Raster images, being arrays of numbers, are a natural fit for MATLAB, and indeed MATLAB is a convenient tool for applications such as image processing. Raster images always have 2 spatial dimensions (horizontal and vertical), and 1 or more color planes. Typically, grayscale images are stored as a 2-dimensional array, representing 1 color plane with values of 0.0 indicating black, 1.0 indicating white and intermediate values indicating various shades of gray. Color images are similar to grayscale images, but are most often stored as a 3-dimensional array, which is really a stack of three 2-dimensional color planes: one for each primary color: red, green and blue ("RGB").

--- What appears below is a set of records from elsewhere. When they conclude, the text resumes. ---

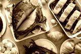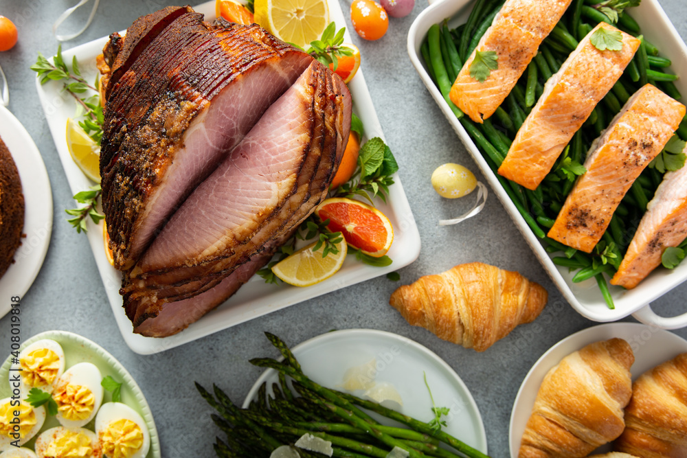 Easter brunch with spiral cut ham, asparagus and roasted salmon overhead shot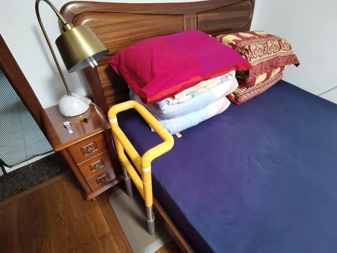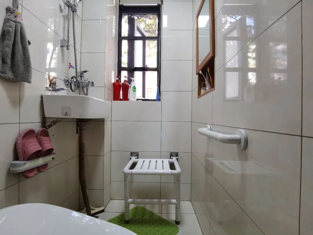 在郑阿婆的卫生间里,不仅安装了扶手、折叠座椅,还铺上了防滑垫,配备有助浴椅,防护措施十分周到。而在卧室床边,则装上了坚固、颜色鲜艳的扶手。“很不错,每天起床拉着它,起身非常轻松。扶手当中还有一圈夜光灯呢。”对于家中这些小变化,郑阿婆赞不绝口。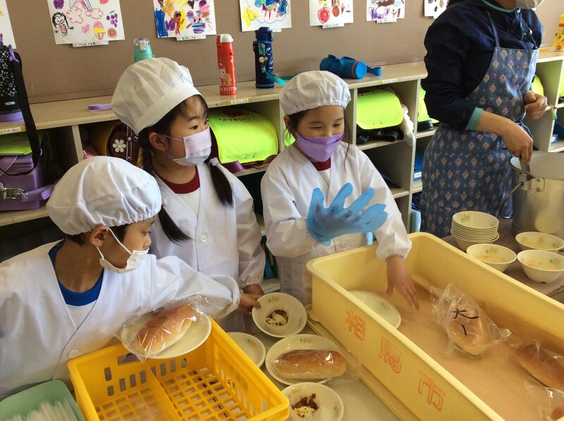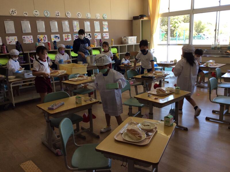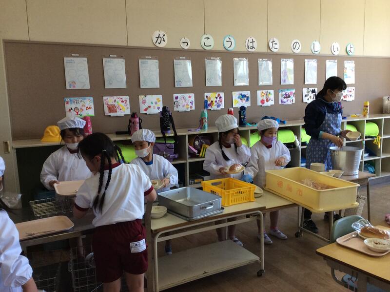 給食当番以外の1年生は、自分の分だけでなく、給食当番の友だちや先生の分まで給食を運んであげていました。とてもほほえましいですね。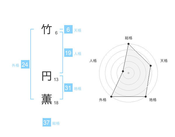 竹 円薫さんの総格は37画の5点!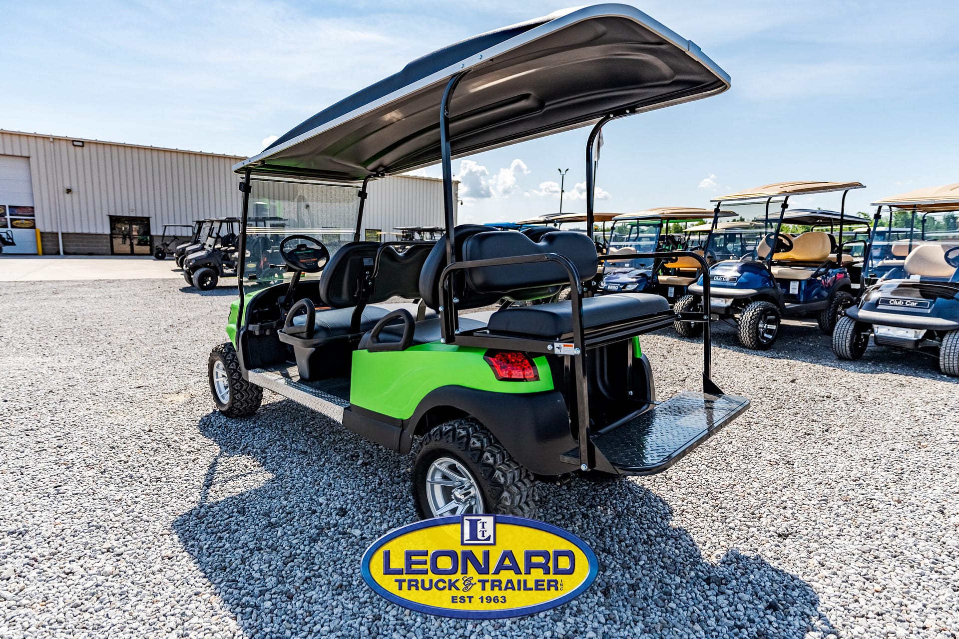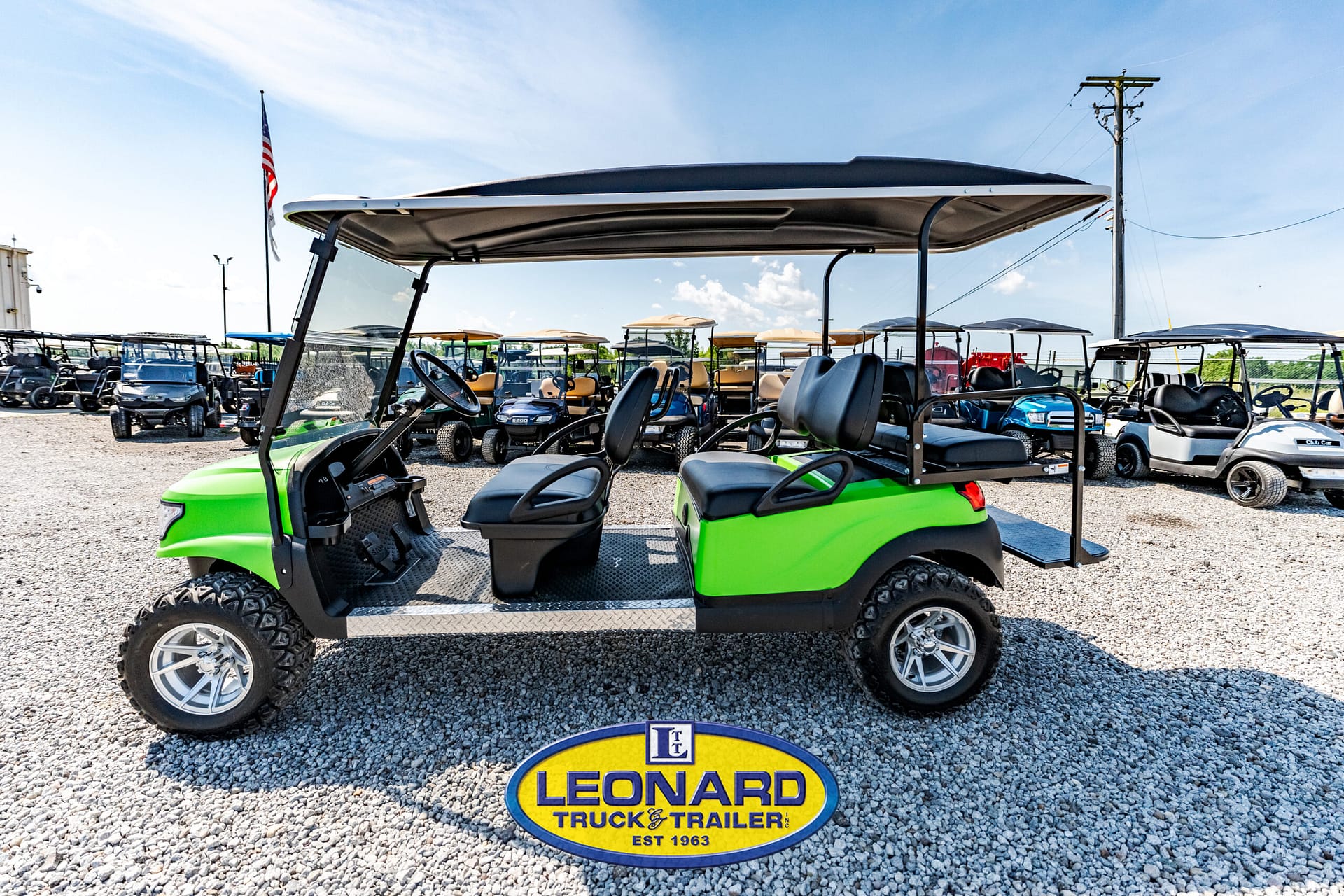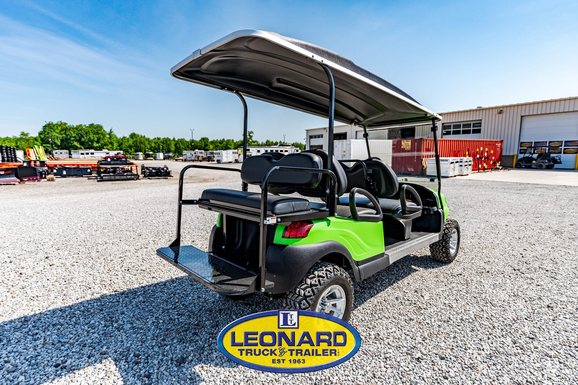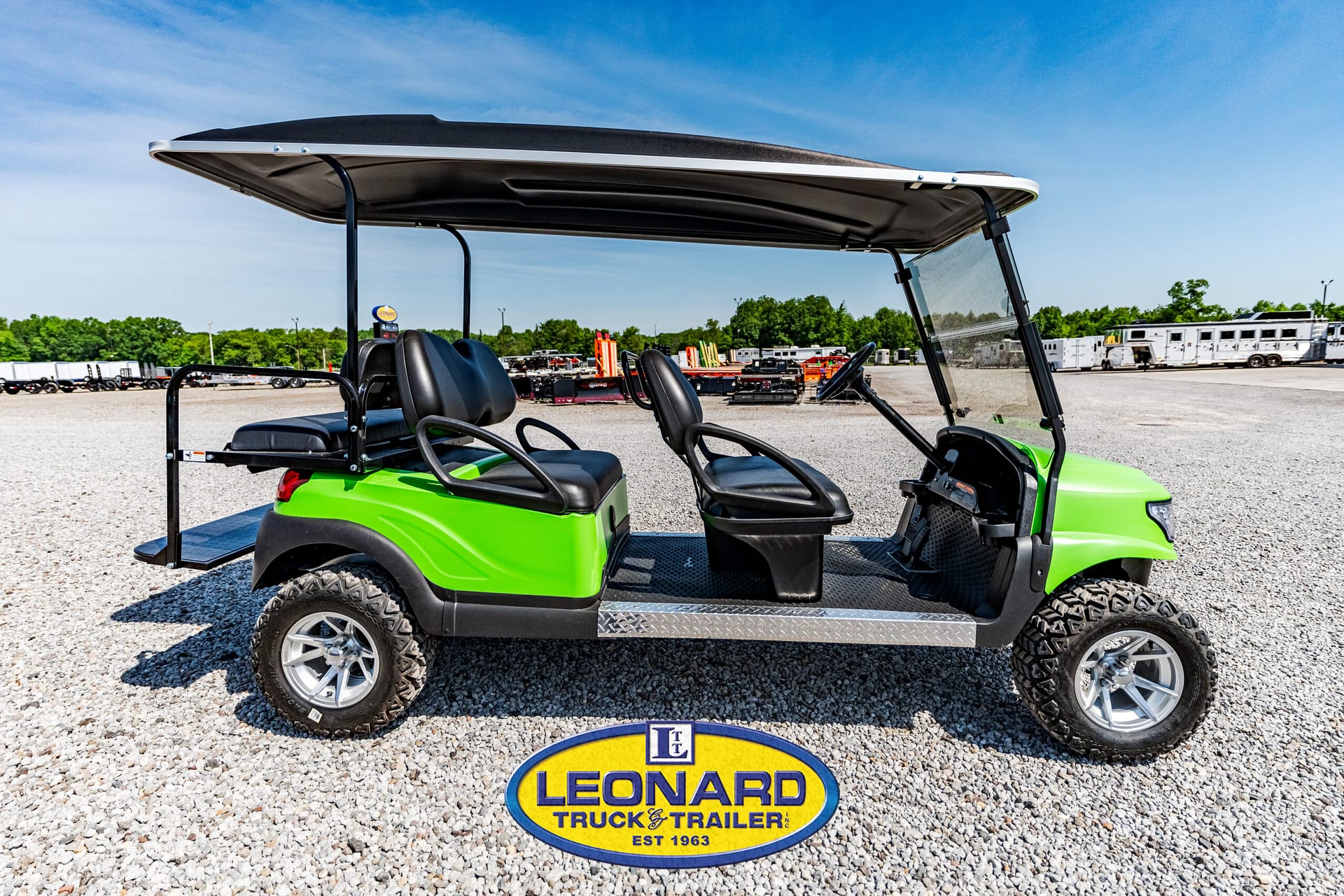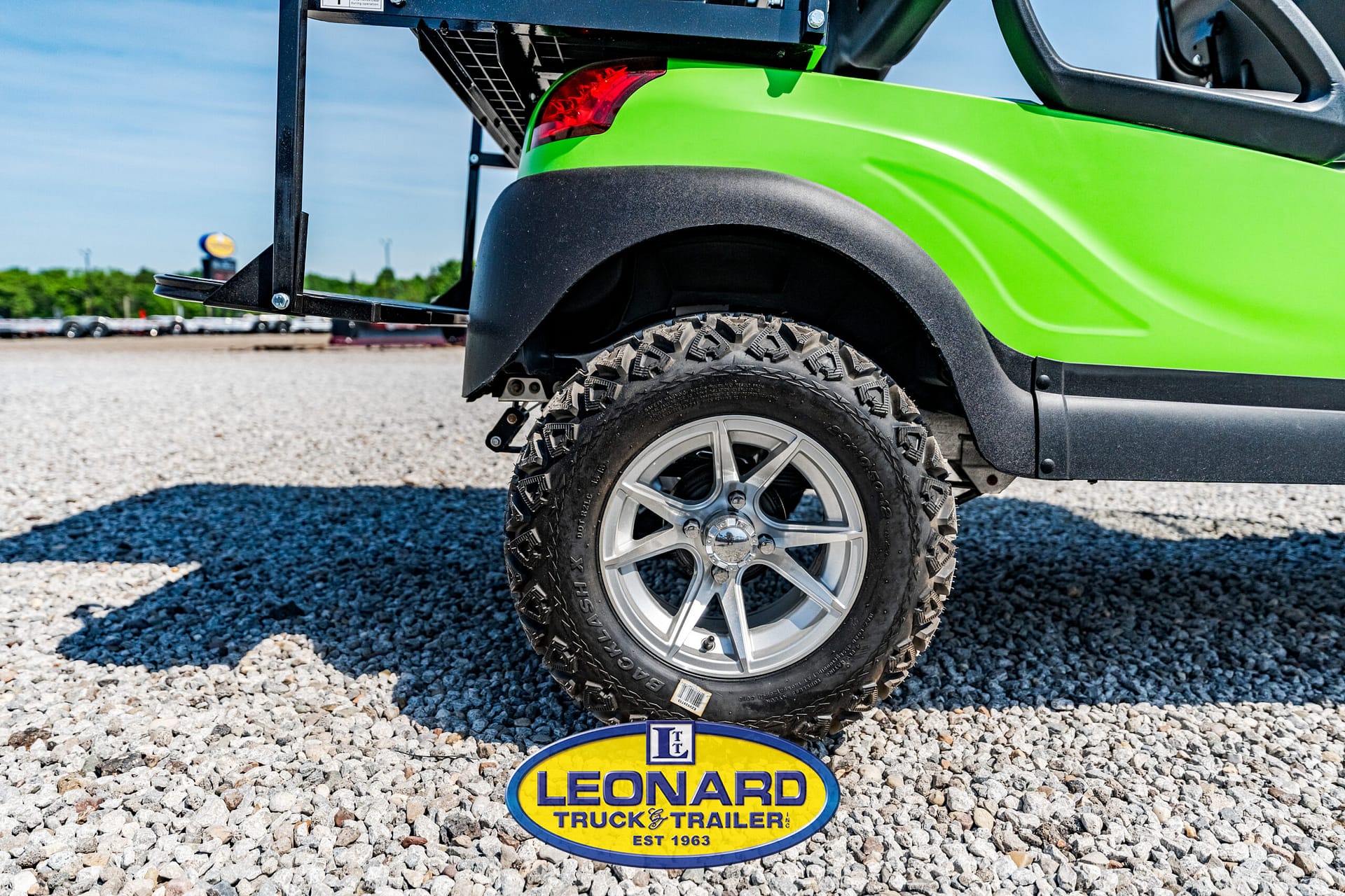 Used 2014 CLUB CAR PRECEDENT stretch lifted electric cart with LED head and tail lights, seat kit and 116″ eagle top. All terrain tires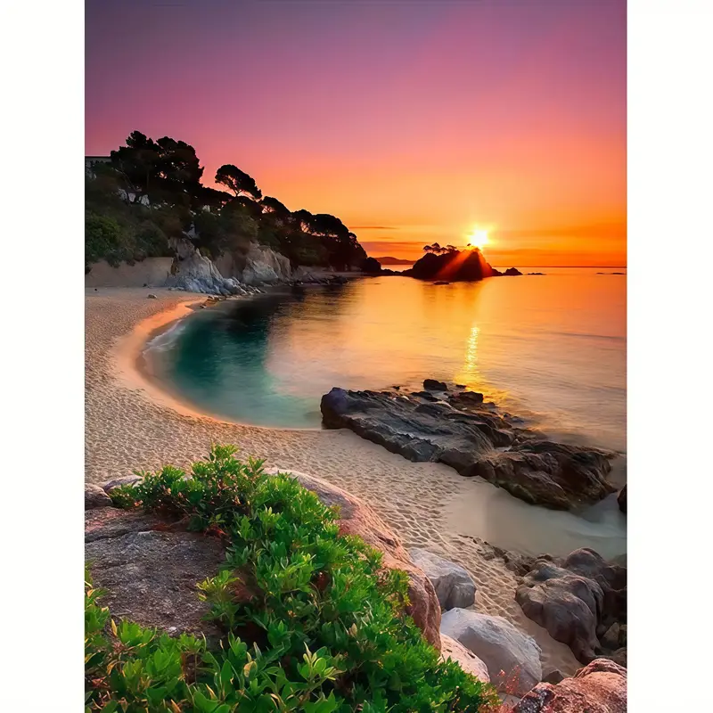 Mooie diamond painting. Thema landschap. Mooie zonsondergang aan het strand. Ontdek de wereld van diamond painting met dit complete DIY pakket. Met de canvas en bijgeleverde steentjes maak je stap voor stap een schitterend schilderij dat sprankelt door de diamantjes. Een ontspannende en creatieve hobby die zorgt voor uren plezier en een prachtig eindresultaat. De gedetailleerde prints zorgen ervoor dat jouw kunstwerk er levendig en kleurrijk uitziet. Perfect voor iedereen die houdt van creativiteit, ontspanning en het maken van een uniek kunstwerk. Complete diamond painting set,Inclusief canvas, steentjes en accessoires.Creëer je eigen sprankelend schilderij. Stimuleert creativiteit en ontspanning. Ideaal als hobby of cadeau.
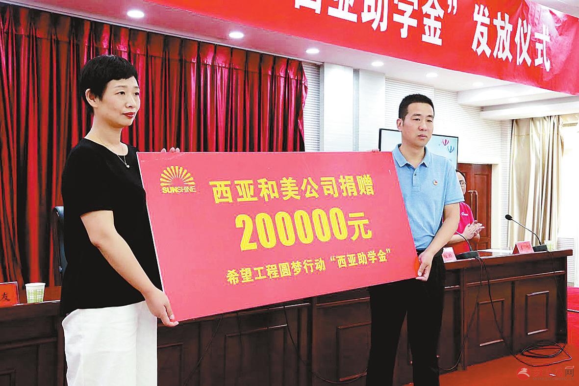 8月23日,2019年驻马店市希望工程圆梦行动“西亚助学金”发放仪式举行。西亚和美商业股份有限公司为希望工程圆梦行动捐赠20万元助学金。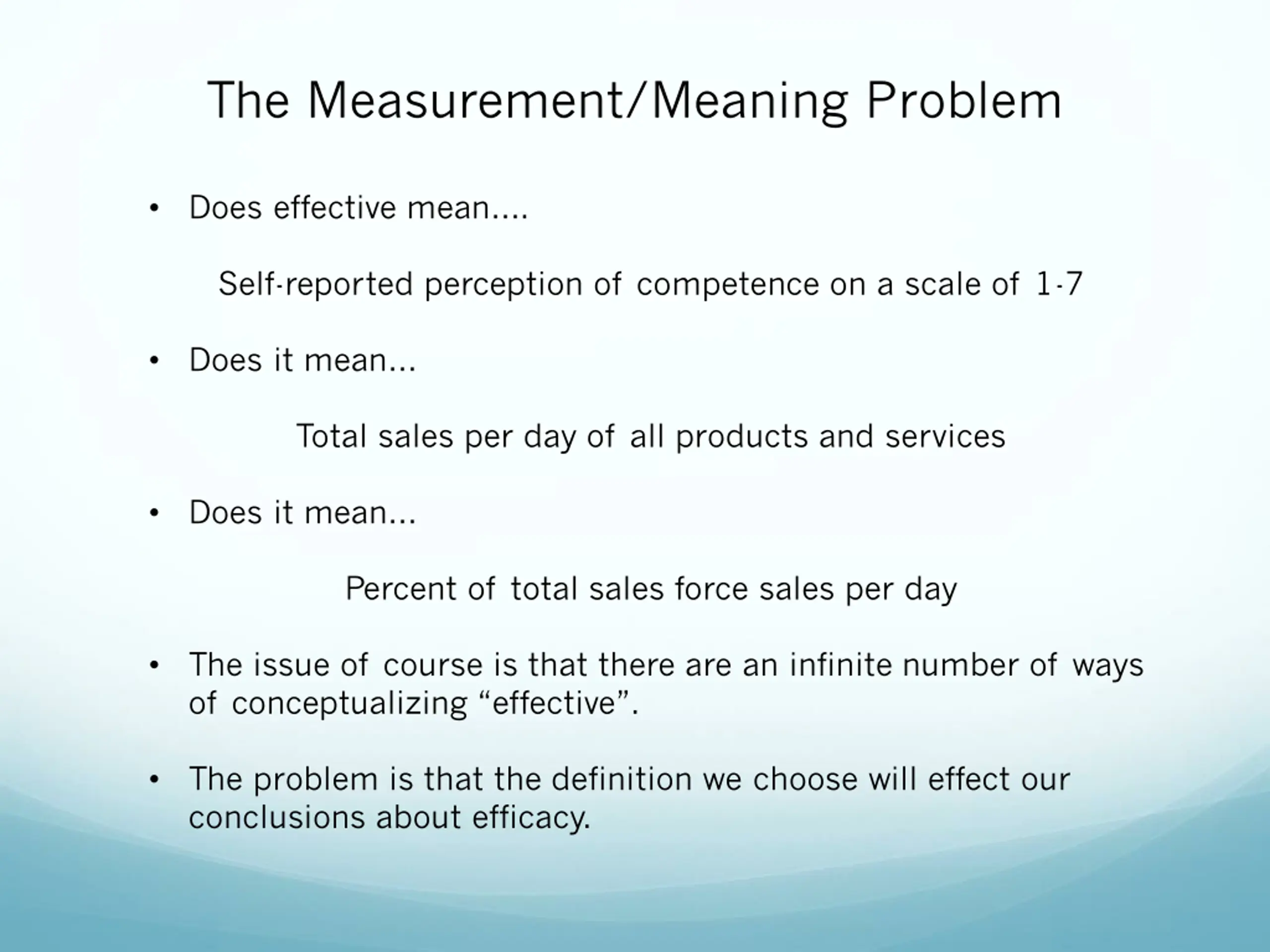 The Measurement/Meaning Problem Does effective mean . Self-reported perception of competence on a scale of 1-7 Does it mean Total sales per day of all products and services Does it mean Percent of total sales force sales per day The issue of course is that there are an infinite number of ways of conceptualizing effective . The problem is that the definition we choose will effect our conclusions about efficacy.

As with grayscale images, values in the RGB color planes represent brightness of each color. Note that when all three color values are the same, the resulting color is a shade of gray.

For the reader's knowledge, there are also index images which will not be covered here, but which are full of index numbers (integers) which do not represent colors directly, but instead indicate locations in a palette. Also, brightness values are often stored in files as integers, such as 0 - 255 instead of 0.0 to 1.0.

Loading Images from Disk

In MATLAB, images are read from disk using the imread function. Using imread is easy. The basic parameters are the location of the image file and the file format:

>> A = imread('c:\QRNG.png','PNG');
>> whos
Name Size Bytes Class Attributes

A 942 x 1680 x 3 4747680 uint8

This image is 942 pixels vertical by 1680 pixels horizontal, with 3 color planes (red, green and blue). Note that image data has been store in MATLAB as unsigned 8-bit integers (uint8). Since I often make multiple calculations on images, I typically convert the data type to double-precision real (double) and scale to 0.0 - 1.0 (though this will slow calculation):

>> B = double(A) / 255;

Displaying Images

Showing images on the screen is most easily accomplish using the image function:

image(A)

Grayscale images will display using a default palette, which can be changed via the colormap command:

>>colormap gray

Images will be fit to the screen, which may distort their aspect ratio. This can be fixed using:

>>axis equal

...meaning that pixels will use equal scales horizontally and vertically.

Manipulating Images

As arrays, images can be modified using all the fun things we usually do to arrays in MATLAB (subsetting, math operations, etc.). I will mention one other useful base MATLAB tool for image processing: the rgb2hsv function, which converts an RGB image to an HSV one. HSV is a different colorspace (way of representing colors). HSV arrays are similar to RGB arrays, except their 3 color planes are hue, saturation and value (in that order). It is often convenient to work on the value ("brightness") plane, to isolate changes in light/dark from changes in the color. To get back to the land of RGB, use the function hsv2rgb.

Saving Images to Disk

Images can be saved to disk using the imwrite command. This is essentially the inverse of the imread command:

imwrite(A,'New Image.bmp','BMP')

...with the parameters indicating the array to be saved as an image file, the file location and image file format, in that order.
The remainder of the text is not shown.